Here is a sampling of my data, which is in a matrix:
BLOCK RUNTIME
101 50
101 20
101 -25
101 -40
101 35
101 45
202 25
202 -10
202 -35
202 40
202 50
202 30
202 -20
202 15
.
.
.
n
The desired output of my yet-to-be code is this:
BLOCK TIME_CHUNKS
101 70
101 -65
101 80
202 25
202 -45
202 120
202 -20
202 15
What I want the code to do to get the output: for as long as subsequent rows' BLOCK values are equal to the current row's BLOCK value, AND for as long as subsequent rows' RUNTIME values are the same sign, sum them, and populate a new row in a table with the BLOCK value and the summed value. Then proceed where you left off. In the example data, the first two rows (50, 20) are summed and written to a table. Then the sign of RUNTIME switches and is constant for two rows (-25, -40), so these values are summed. Then the sign of RUNTIME switches again and is positive for three rows (35, 45, 25), but the last row of these three has a different BLOCK number, so only the first two of these three rows are summed and written to the table. Proceed until the end of the matrix is reached.
It's easy enough for me to make the conditional statements, but I don't know how to "keep track" of where I am in the matrix to restart the summing process. I'm not that well-versed in for or while loops to even make an educated guess at how they could be used here. I made a pathetic attempt at writing a function, but didn't get anywhere.
Need to automate this process...I've got about 10,000 rows of data, which can be dynamically produced based on a set of scenario variables. Each set of variables will produce a table with different values for RUNTIME, and I've got a lot of scenarios to run.
Much appreciation for any help.
TIME_CHUNKS <- with(df, tapply(RUNTIME, BLOCK, function(x)
tapply(x, cumsum(c(1, diff(sign(x)) != 0)), sum)))

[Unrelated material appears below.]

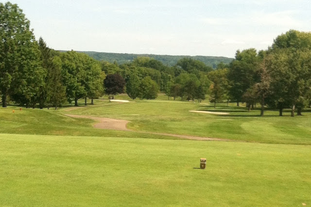 (The 438 yard ninth is a great hole! It doglegs just a bit the last fifty yards, so the second gets blocked out by the crossbunker unless the drive is down the right side.)

out <- data.frame(BLOCK = rep.int(unique(df$BLOCK), sapply(TIME_CHUNKS, length)),
TIME_CHUNKS = unlist(TIME_CHUNKS), row.names = NULL)
Use this data and paste the above code
df <- data.frame(BLOCK = c(101, 101, 101, 101, 101, 101, 202, 202,
202, 202, 202, 202, 202, 202), RUNTIME = c(50, 20, -25, -40,
35, 45, 25, -10, -35, 40, 50, 30, -20, 15))
and you will get out
to be:
BLOCK TIME_CHUNKS
101 70
101 -65
101 80
202 25
202 -45
202 120
202 -20
202 15
Notice the nested use of tapply
. In words, what the above code is doing to calculate TIME_CHUNKS
is:
Split up each row by BLOCK
, and let x
be the vectors for a given block (for example,
x
will at first be c(50, 20, -25, -40, 35, 45)
.
The quizzical looking cumsum(c(1, diff(sign(x)) != 0))
simply sub-divides our block
into consecutive groups of same-signed numbers. Namely, diff(sign(x)) != 0
gives a vector of
TRUE
s and FALSE
s according as the sign switches or not, and coercing to integer in
combination with cumsum
yields a vector that gives a different number for each sub-sequence
with the same sign. Applying a sum along each subsequence gives the result we're looking for.